▶ _What this task involves_
Look below for the line with "如果对比移动互联网时代的创新"; begin the copy there and stop after the line with "幅広い襟とゆったりしたシルエ", keeping the text exact and the pictures out.

------ Records to use ------

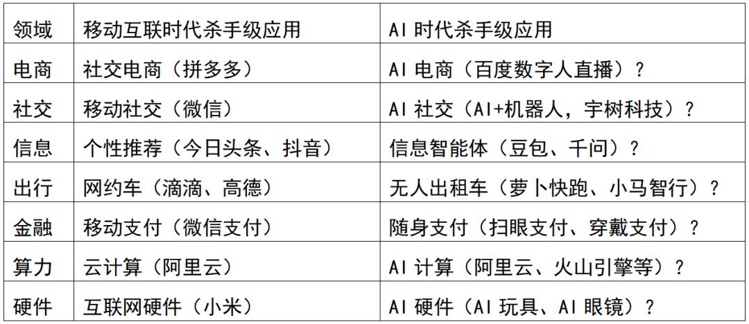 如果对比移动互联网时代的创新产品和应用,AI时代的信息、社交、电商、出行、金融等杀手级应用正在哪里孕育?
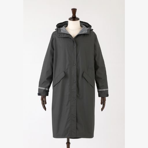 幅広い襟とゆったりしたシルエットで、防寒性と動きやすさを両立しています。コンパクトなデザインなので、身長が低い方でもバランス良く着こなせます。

------
------ Records to use ------

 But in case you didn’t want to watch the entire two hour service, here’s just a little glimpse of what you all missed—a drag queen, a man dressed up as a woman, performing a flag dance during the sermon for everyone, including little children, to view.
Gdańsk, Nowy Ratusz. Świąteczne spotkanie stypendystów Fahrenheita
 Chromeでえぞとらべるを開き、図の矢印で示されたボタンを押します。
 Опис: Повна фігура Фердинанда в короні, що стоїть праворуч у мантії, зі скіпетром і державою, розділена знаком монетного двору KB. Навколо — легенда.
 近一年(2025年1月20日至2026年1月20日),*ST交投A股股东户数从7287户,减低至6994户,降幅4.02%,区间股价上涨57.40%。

------

▶ _Solution_
 如果对比移动互联网时代的创新产品和应用,AI时代的信息、社交、电商、出行、金融等杀手级应用正在哪里孕育?
 幅広い襟とゆったりしたシルエットで、防寒性と動きやすさを両立しています。コンパクトなデザインなので、身長が低い方でもバランス良く着こなせます。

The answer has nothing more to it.